WHAT THE TASK REQUIRES
A faithful, word-for-word copy of the records is required, and it must contain no pictures.

PROVIDED DATA
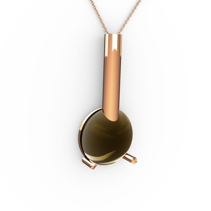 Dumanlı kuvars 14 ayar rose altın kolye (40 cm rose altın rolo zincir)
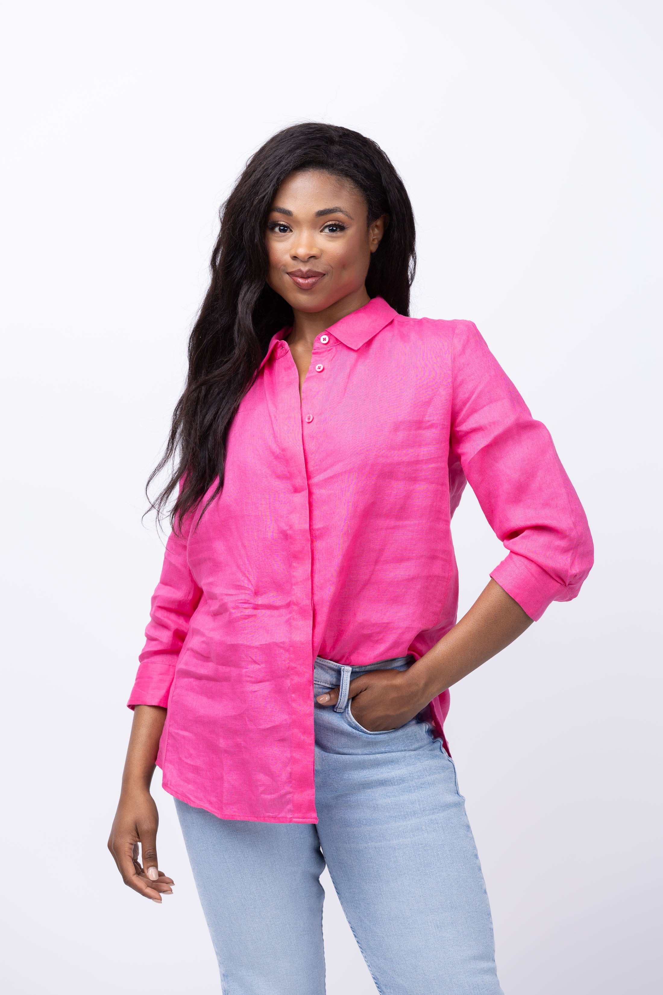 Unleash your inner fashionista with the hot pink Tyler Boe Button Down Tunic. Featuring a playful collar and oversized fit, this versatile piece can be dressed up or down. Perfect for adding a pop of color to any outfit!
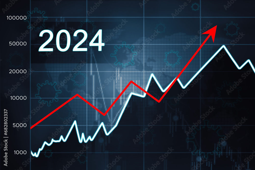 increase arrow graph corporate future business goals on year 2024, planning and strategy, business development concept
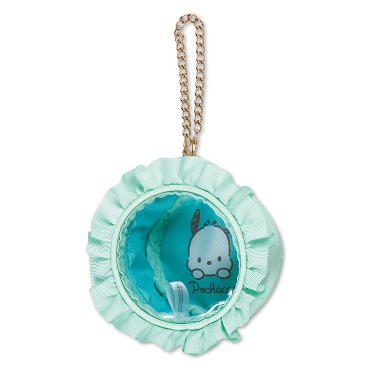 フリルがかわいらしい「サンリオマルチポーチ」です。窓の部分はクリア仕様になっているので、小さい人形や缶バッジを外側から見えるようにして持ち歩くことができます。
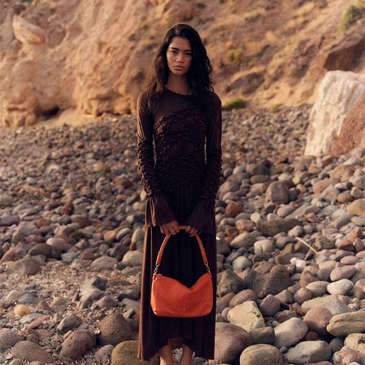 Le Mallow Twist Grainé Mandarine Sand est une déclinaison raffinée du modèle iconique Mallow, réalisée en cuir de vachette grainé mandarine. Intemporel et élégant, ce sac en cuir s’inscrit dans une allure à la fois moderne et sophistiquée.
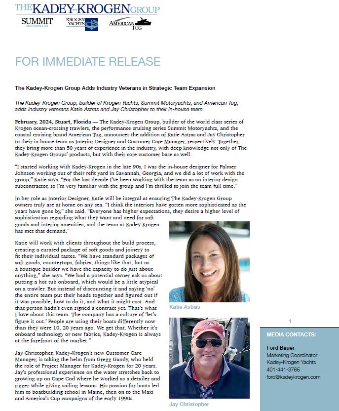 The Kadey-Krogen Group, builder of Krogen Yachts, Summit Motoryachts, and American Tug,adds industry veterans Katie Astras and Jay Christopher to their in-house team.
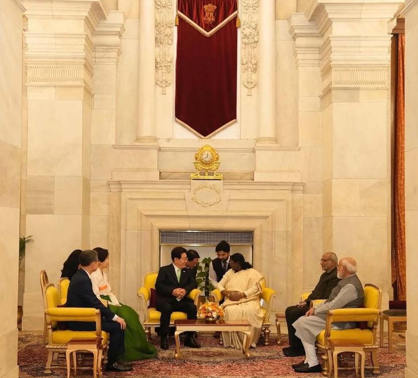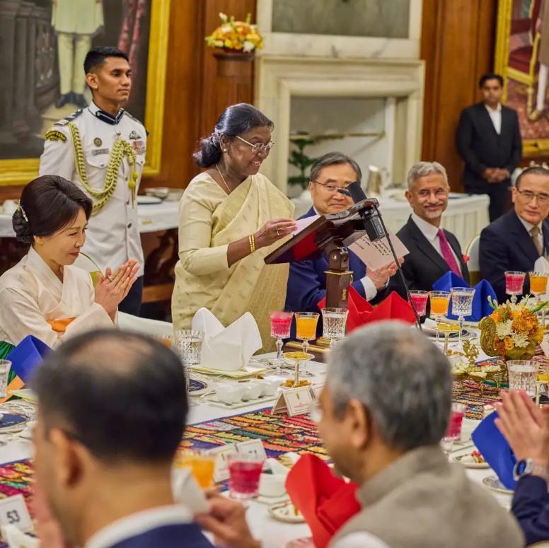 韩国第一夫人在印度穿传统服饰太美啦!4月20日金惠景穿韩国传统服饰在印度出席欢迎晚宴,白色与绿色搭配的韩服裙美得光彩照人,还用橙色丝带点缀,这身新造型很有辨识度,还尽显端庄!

PROBLEM SOLUTION
 Dumanlı kuvars 14 ayar rose altın kolye (40 cm rose altın rolo zincir)
 Unleash your inner fashionista with the hot pink Tyler Boe Button Down Tunic. Featuring a playful collar and oversized fit, this versatile piece can be dressed up or down. Perfect for adding a pop of color to any outfit!
 increase arrow graph corporate future business goals on year 2024, planning and strategy, business development concept
 フリルがかわいらしい「サンリオマルチポーチ」です。窓の部分はクリア仕様になっているので、小さい人形や缶バッジを外側から見えるようにして持ち歩くことができます。
 Le Mallow Twist Grainé Mandarine Sand est une déclinaison raffinée du modèle iconique Mallow, réalisée en cuir de vachette grainé mandarine. Intemporel et élégant, ce sac en cuir s’inscrit dans une allure à la fois moderne et sophistiquée.
 The Kadey-Krogen Group, builder of Krogen Yachts, Summit Motoryachts, and American Tug,adds industry veterans Katie Astras and Jay Christopher to their in-house team.
 韩国第一夫人在印度穿传统服饰太美啦!4月20日金惠景穿韩国传统服饰在印度出席欢迎晚宴,白色与绿色搭配的韩服裙美得光彩照人,还用橙色丝带点缀,这身新造型很有辨识度,还尽显端庄!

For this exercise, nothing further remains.